Here in the Midwest there are a few of us tradesmen that actually care about the other trades and what they are doing. If I am driving by a house where elect. are doing a finish out, I will stop and ask them how everything was. Sometimes they say hey you covered a box, sometimes they say they placed a box in the wrong spot. End of the day all is good. The stuff gets fixed, the builder looks good and we all ride off into the sunset:clap:


----------



## mckellarman

Just finished pieceworking in Western Canada and we were getting .28/foot for 1/2" board. Two of us were boarding about 2500 sq a day. Sometimes less depending on the conditions.


----------



## Brock

It's an awesome sight when you get a glimpse of one these super-hanger crews that Tim is talking about. It's like watching robots on speed. I've had the pleasure of running across a couple crews like that over the years.

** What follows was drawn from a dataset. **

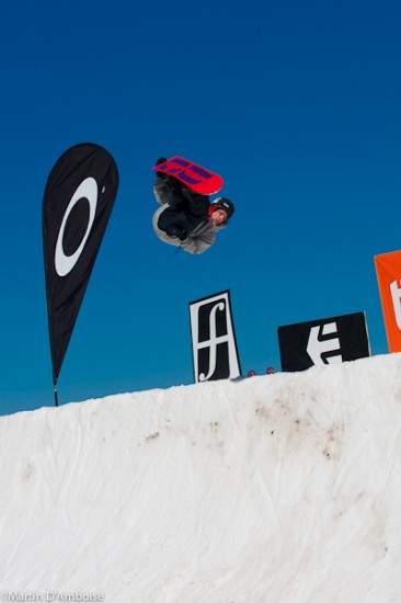 Rimouski, 25 Mars 2012 – Suite aux miracles de construction réalisés par l’organisation et ses bénévoles, qui ont dû faire face à des conditions estivales pendant la semaine des préparatifs, c’est Didier Godbout qui sort grand gagnant de la 7e édition du SNOWMISSION qui se déroulait le Samedi 24 Mars au Parc du Mont-Comi. Le planchiste de Salaberry-de-Valleyfield est repartit avec deux bourses : celle de la pole position d’une valeur de 7 000$ et 500$ pour un « Miller flip » sur le mur, qualifié de meilleure manœuvre en compétition. Jason Dubois se retrouve pour une troisième année consécutive sur le podium terminant 2e, accompagné de Thomas Folly qui complète le top 3. La cagnotte de l’événement se divisait jusqu’à la 5e place accordant ainsi à Ken Ohquist et François Bourgeois de compléter respectivement quatrième et cinquième.
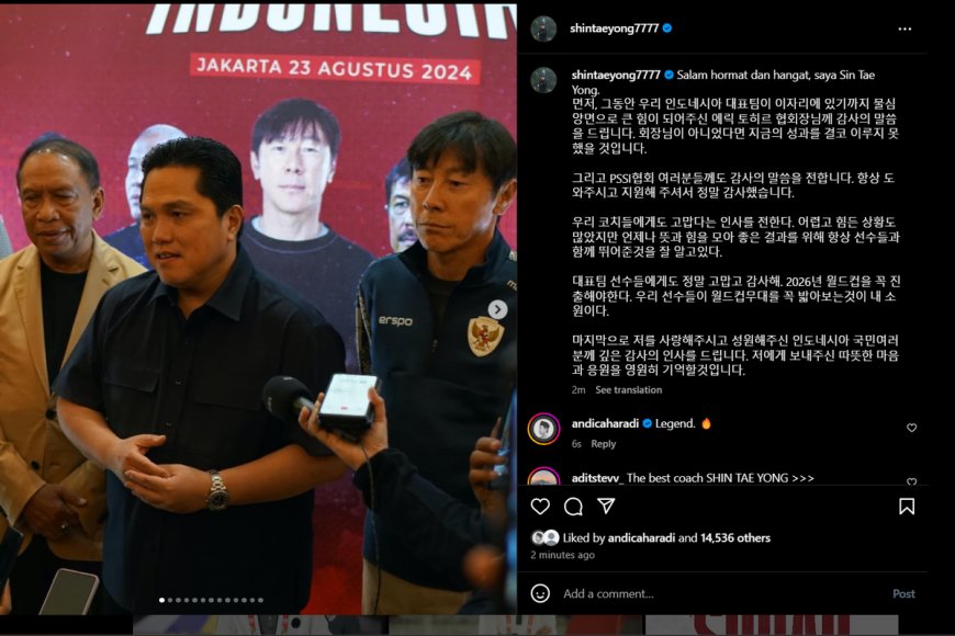 "Terakhir, saya ingin menyampaikan rasa terima kasih yang mendalam kepada seluruh rakyat Indonesia yang telah mencintai dan mendukung saya. Saya akan selalu mengenang kehangatan dan dukungan yang telah kalian berikan kepada saya," ucap eks pelatih Seongnam Ilhwa Chunma itu. (rsy/nusantaraterkini.co)

Probably the most amazing feat I have ever witnessed though was a one-man army drywall delivery in Austin, TX in the late '80's. This guy was about 6' 5" with long arms even for his height. He was white and probably weighed 175 pounds soaking wet. This guy loaded the entire house (two-story very high end) by himself at a jaw droping speed. He said he like getting the per sheet price all to himself. I always wondered if he started off with the extra long arms or if they got that way from lugging rock.


----------



## Tim0282

Wow! Can't imagine stocking a house by myself. I think I would walk crooked.


----------



## Tim0282

MD, they aren't MY electricians, but most of us guys went to high school together and we've known each other for thirty to forty years. We are good friends and communicate with each other. We all have each others' cell phone numbers and we see one another, we chat. So... we look out for the other guy. We live in a small town. Ten thousand in this town and then all work in about a thirty mile radius. We're just a bunch of friendly chaps.


----------



## Drywalller

Back when I used to hang on a full time basis,We would average 10 sheets an hour,My brother and I.
16 's 12's 10's Etc.
I try to tape full time,but sometimes I will hang also.And still average about the same.


----------



## Tony M

I use this guy sometimes who works like a robot. He loaded out and boarded a 525 square metre (5250 sq ft) house in 2 1/2 days on his own. Paid him just under £1100 for it ($2200). There were a few screws out when we taped it, but it was a tidy job generally. He travels around the country chasing the larger jobs (hotels and offices etc) earning a fortune.


----------



## JumboJack

Brock said:


> It's an awesome sight when you get a glimpse of one these super-hanger crews that Tim is talking about. It's like watching robots on speed.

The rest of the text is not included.